意図した結果にならないときに確認したいこと
array_pad の長さが変わらない
「array_pad したのに要素が増えない」というときは、第2引数に追加したい個数を渡しているケースがほとんどです。第2引数は「最終的な要素数」です。3要素の配列に2個足したいなら、2 ではなく 5 を渡します。また、元の配列がすでに指定サイズ以上のときは変化しないので、その点も確認してください。
戻り値を受け取り忘れている
3つとも「元の配列を書き換える」関数ではなく「結果を返す」関数です。array_pad($data, 5, 0); のように呼び出しただけで $data が変わることを期待していると、いつまでも変化しません。必ず $data = array_pad($data, 5, 0); のように戻り値を受け取ってください。array_chunk や array_fill も同様です。

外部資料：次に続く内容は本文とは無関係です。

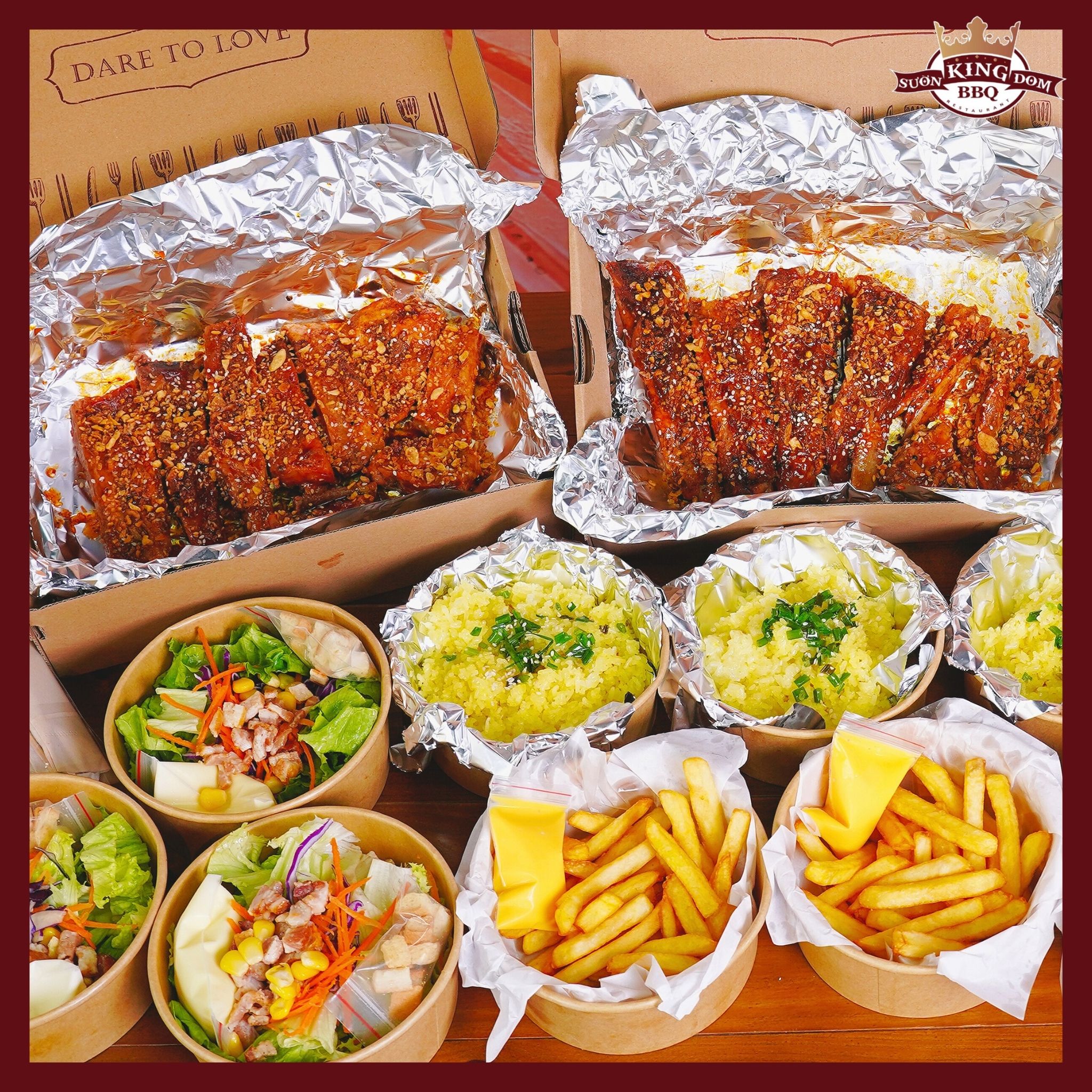 Combo Best Seller của Sườn Kingdom Vins: Khách hàng của Sườn Kingdom quanh khu vực Vins hầu như là các gia đình đông người, muốn thay đổi khẩu vị cho bữa tối nên thường sẽ chọn một combo vừa đủ món, vừa đủ 3 vị sườn hot hit như combo King 3 vị sườn của Sườn Kingdom với giá chỉ từ #888k. Combo King còn được phục vụ kèm 2 phần khoai tây chiên sốt phô mai béo ngậy và 2 phần salad Caesar tươi mát, giúp cân bằng hương vị một cách hoàn hảo.
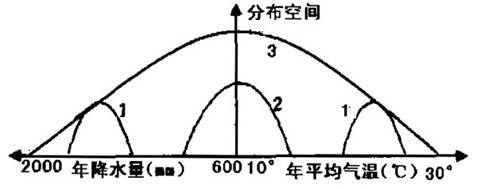 图1为水稻种植业、商品谷物农业和乳畜业的空间分布范围(曲线与横坐标围成的区域)与热量、水分条件的关系。完成3-5题。
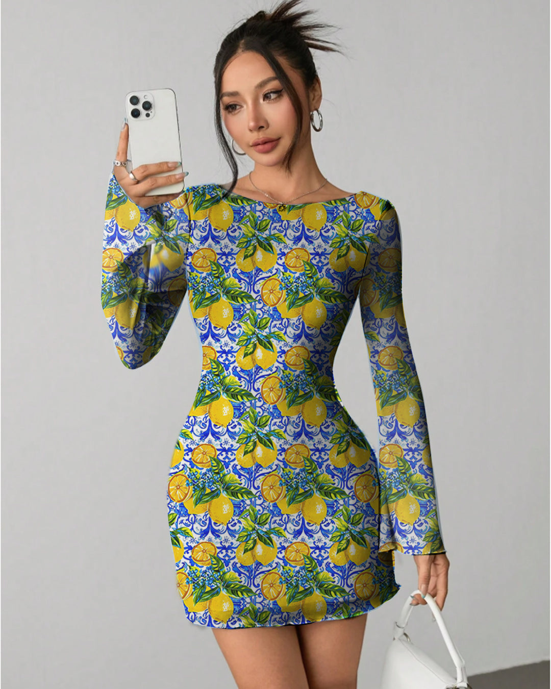 The Printed Full Sleeve Bodycon Mini Dress brings a bright, statement look with its fun print and fitted shape. The smooth stretch fabric sits close to the body and gives a clean outline without feeling tight. With its long sleeves and short length, this Bodycon Mini Dress balances coverage and shape in a simple, stylish way.

array_chunk の length に 0 以下を渡した
array_chunk の第2引数 $length は 1 以上でなければなりません。0 や負の数を渡すと、PHP 8.0 以降は ValueError が発生します。分割数を変数から計算して渡す場合は、その値が 1 以上になっているかを事前に確認しておくと安全です。
まとめ
配列の分割・生成・穴埋めをおさらいします。array_chunk は配列を N 個ずつの塊に分割し、第3引数 true で元のキーを保持できます。グリッドやページ送りの実装で活躍します。array_fill は同じ値で埋めた配列を新規に生成し、初期値のそろったカウンター配列などをループなしで用意できます。文字列キーで作りたいときは array_fill_keys を使います。array_pad は配列を指定サイズまで埋める関数で、正の数なら末尾、負の数なら先頭に値を追加します。いずれも元の配列は書き換えず結果を返すので、戻り値を受け取ることを忘れないようにしましょう。この3つを押さえておくと、表示前の配列整形がぐっと楽になります。